Sorry for the catchy title  ;D

I have an old analog keyboard i'm fixing up, i tuned all it's 12 oscillators to perfection but there's a constant hum on the output it gets louder as i turn up the volume to the point of being really annoying...

there's the enigma: I found a place where the output goes from the PCB to the output jack and the ground in also taken from the chassis and goes to the output jack ground, when i play around with the wires in that area the hum changes in volume but still there so i tried to put a 220uF 25V cap between the output wire and Ground wire and miracle! the hum stopped, the sound was loud, clear and perfect but then after a couple of seconds the volume lowered to the point of silence, i removed the cap, hum was back so was the sound, so i figured the cap was loading to the point of shorting...
i also tried a 1M resistor in parallel, no success... i measured voltage at the ground-output and there's 0.326 V  AC  so i guess the 25V cap is enough (the synth has a two prong cord, seems to run on AC (although there's a big power transformer ans a smaller one inside)

what can i put there to make sure the hm stops without shorting the sound out???   ???

Rob Strand

#1
I'm not sure from the info you gave but I suspect a ground loop issue with the output jack.

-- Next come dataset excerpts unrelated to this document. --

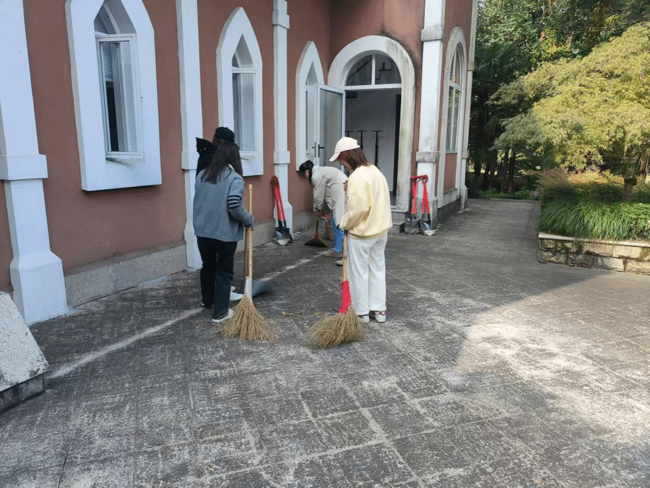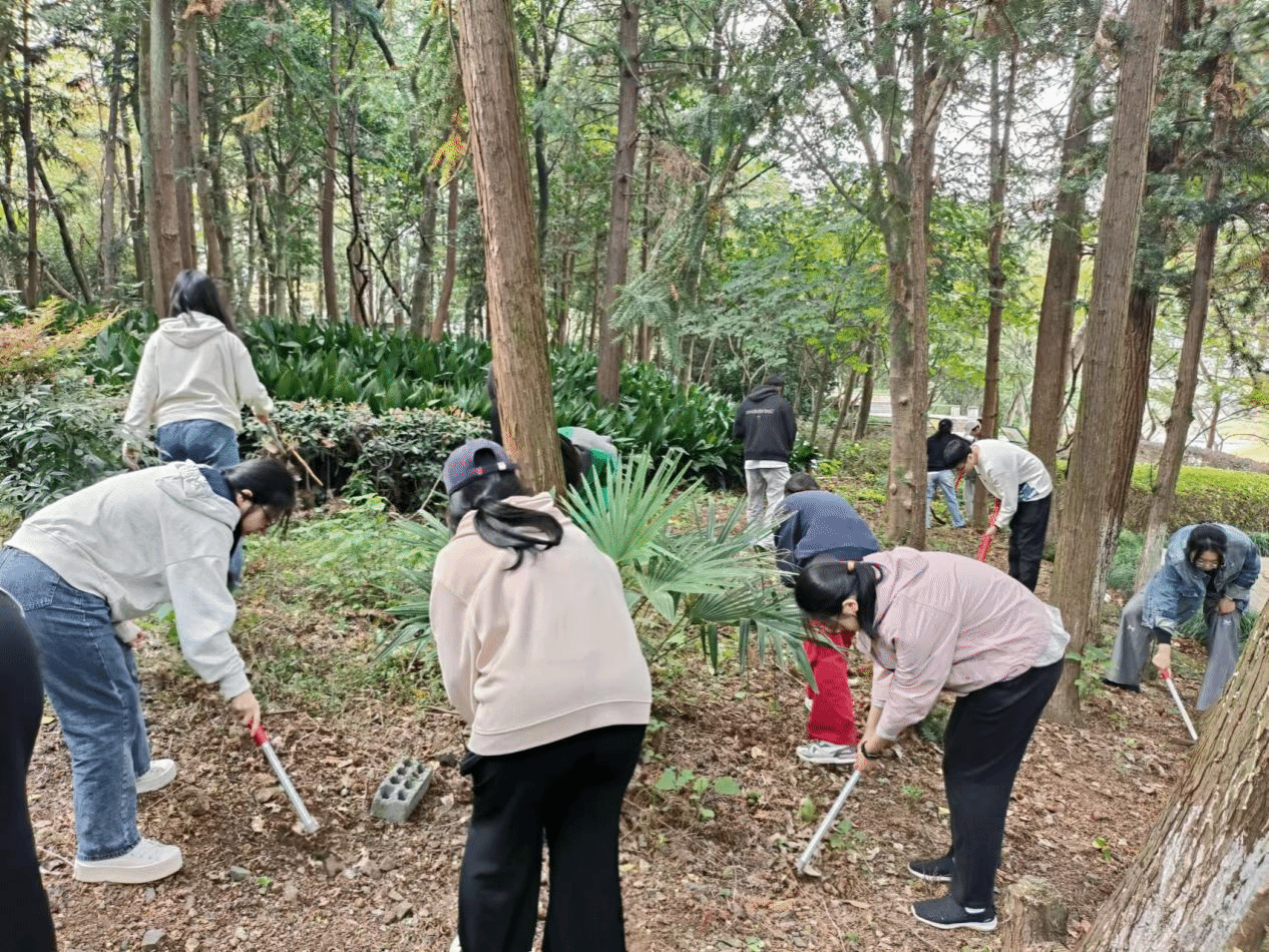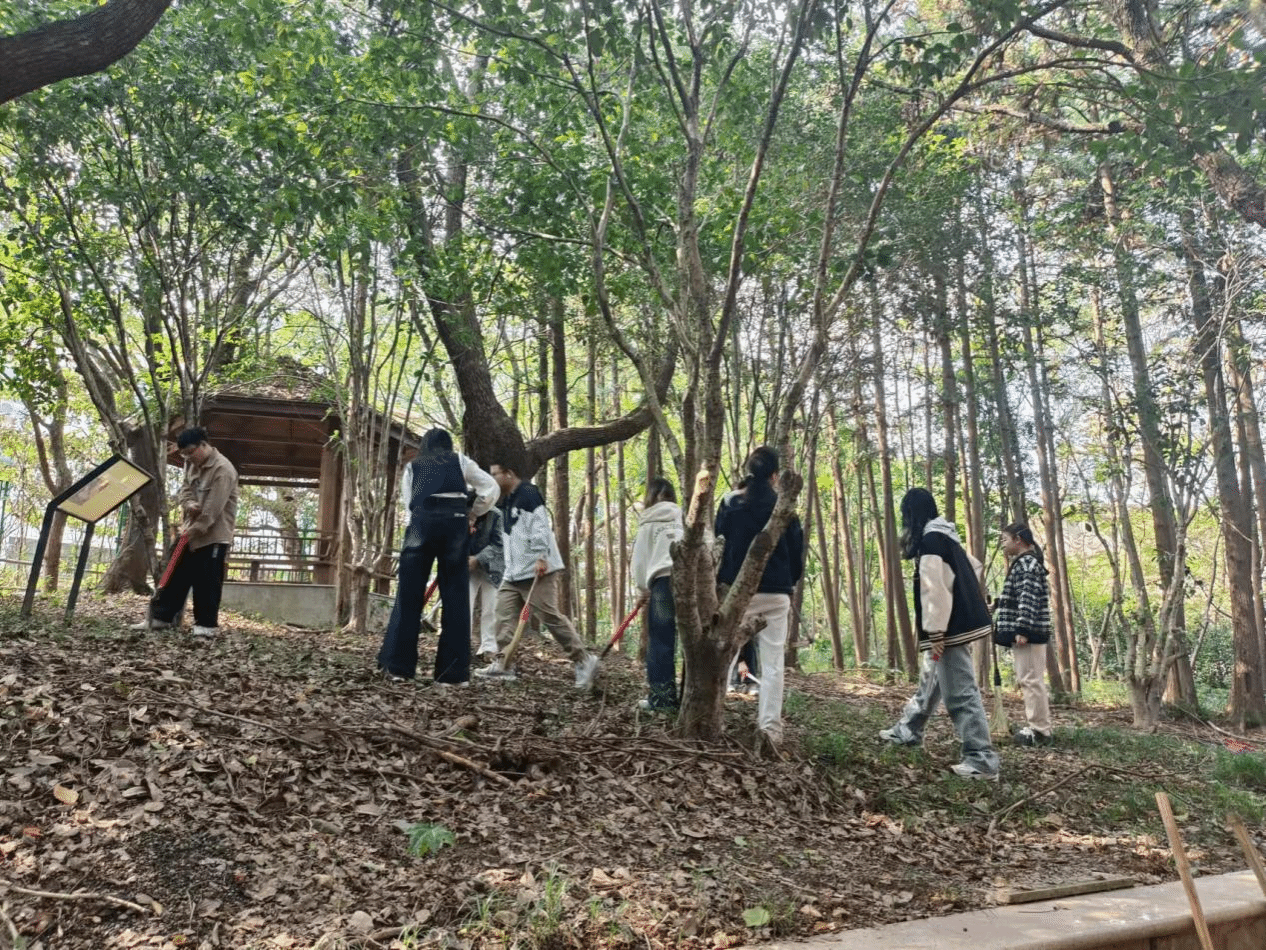 本次劳动分为三组,一组学生前往后山清理枯枝杂草,一组学生在基地门口清扫落叶,一组学生在湖边清理垃圾。
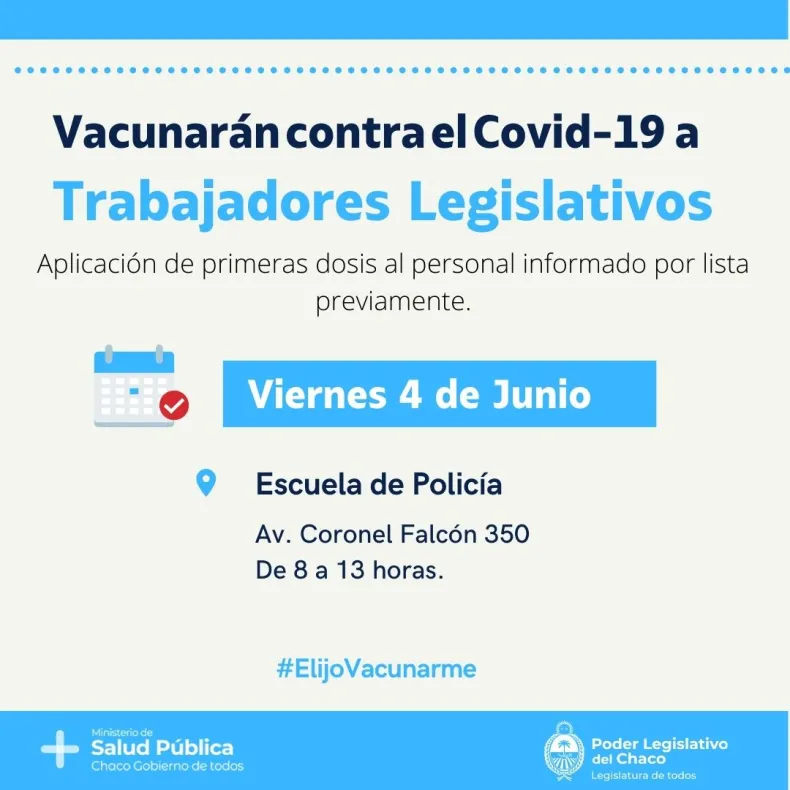El presidente del Poder Legislativo, Hugo Sager, informó que como parte de los nuevos grupos estratégicos anunciados por el Ministerio de Salud Pública del Chaco, agentes del parlamento recibirán este viernes 4 de junio, la primera dosis de la vacuna contra el coronavirus.
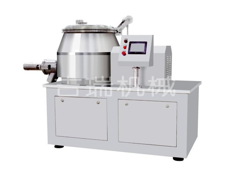粉状物料在容器中由于混合桨的搅拌作用,呈半流动状态并充分混合,然后注入粘合剂(中成药流浸膏等流体)使之成为湿润软材,经整粒桨(制粒刀)切割成为均匀的湿颗粒。
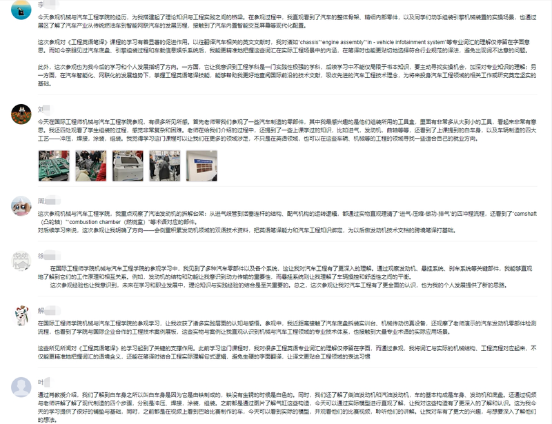 结合展板,肖平教授生动讲解了汽车的发展与车型演变历程,梳理了汽车工业从传统机械到智能出行的演进脉络,帮助大家建立起对汽车产业发展的整体认知。在智能汽车线控底盘系统安徽省重点实验室内,同学们观摩了先进的科研设备、创新产品原型及相关产学研合作项目,进一步深化了对汽车技术研究与产业实践结合的理解。同学们纷纷表示收获颇丰、受益匪浅,对《工程英语笔译》课堂上学习的汽车专业英语术语和相关英汉翻译材料内容有了直观具体的理解,这对精准把握术语内涵、理解文本内容逻辑关系、准确开展翻译工作起到了重要作用,对今后的专业学习和职业理解产生了积极影响。
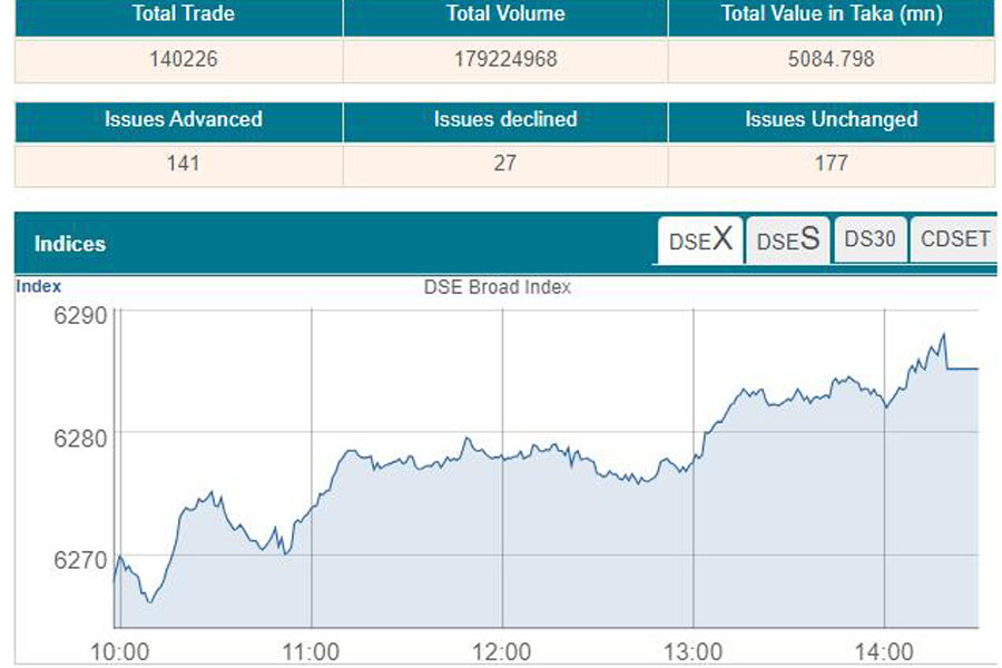 DSEX, the prime index of the Dhaka Stock Exchange (DSE), went up by 17.43 points or 0.28 per cent to settle at 6,285.25.
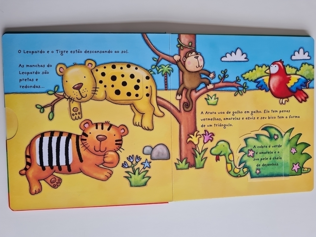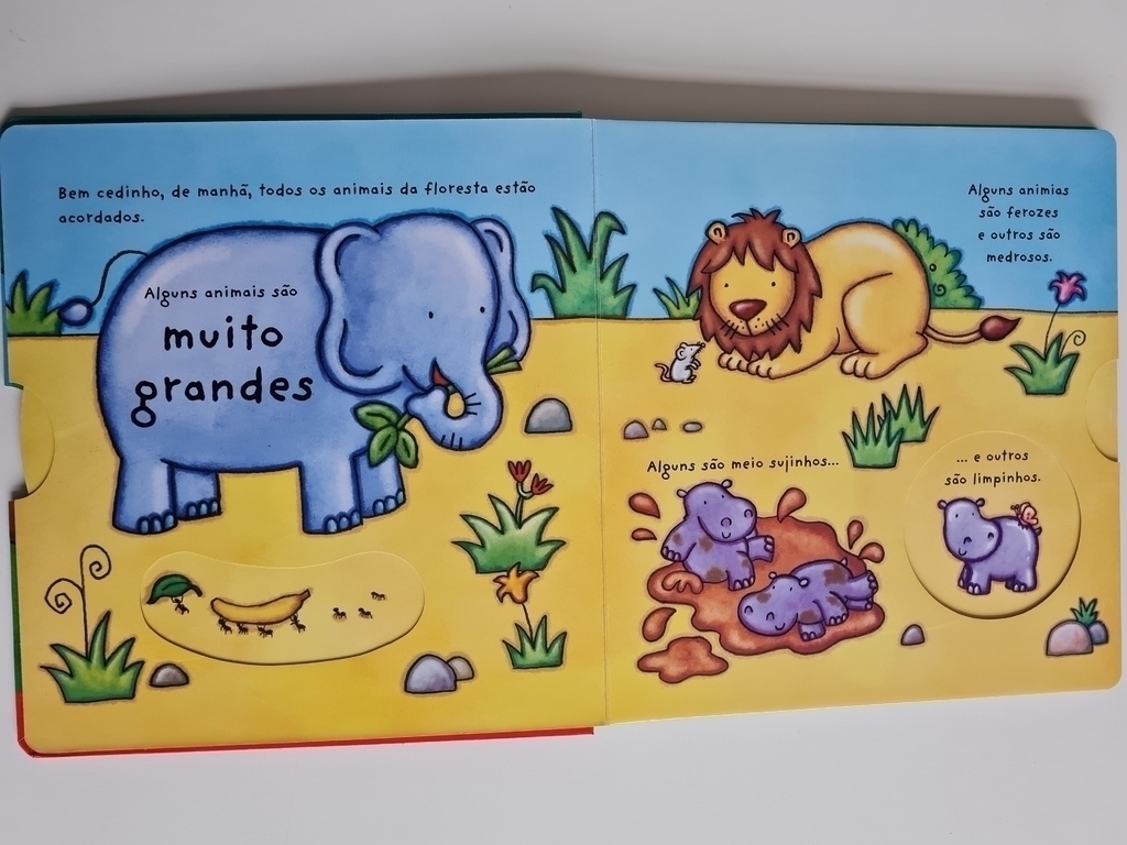 Outro dia quente na floresta! Venha brincar com elefante, o leão e todos os seus amigos e conhecer formas, cores, números e o contrário das coisas. Puxe, empurre, gire, abra as janelinhas e brinque com as lindas páginas coloridas deste livro. Uma grande diversão para mãozinhas bem pequenas.

Assuming there's no other faults, like bad filter caps.

First check for a possible ground loop:  disconnect the output jack wires from the jack and check if the the PCB ground still connects to the chassis?   

-If it does then there's a good chance you have a ground loop.   This is very common is equipment with grounded jacks.  I'd try wiring the the wires to a new jack or unbolting the current jack, then try using the unit and see if the hum is gone. 

Easy solutions are disconnect the ground lead that goes to the output jack, or replace the jack with an isolated type.

- If it doesn't then it could be a loop formed between the keyboard and the thing you are connecting it to.

In this case you can use an isolated output jack.  But you should also connect the chassis to the PCB ground via a parallel combination of a 10ohm resistor, a 10 to 100nF capacitor, and two 3A diodes in parallel pointing in each direction.


Beyond those solutions it gets down to specifics of tracks and where the ground point take-offs to the chassis come from.   One stupid thing I often see is the chassis ground point is on the track between the rectifier and the filter caps, the large pulsating current in that track causes humm on the ground - the ground point should be after the caps.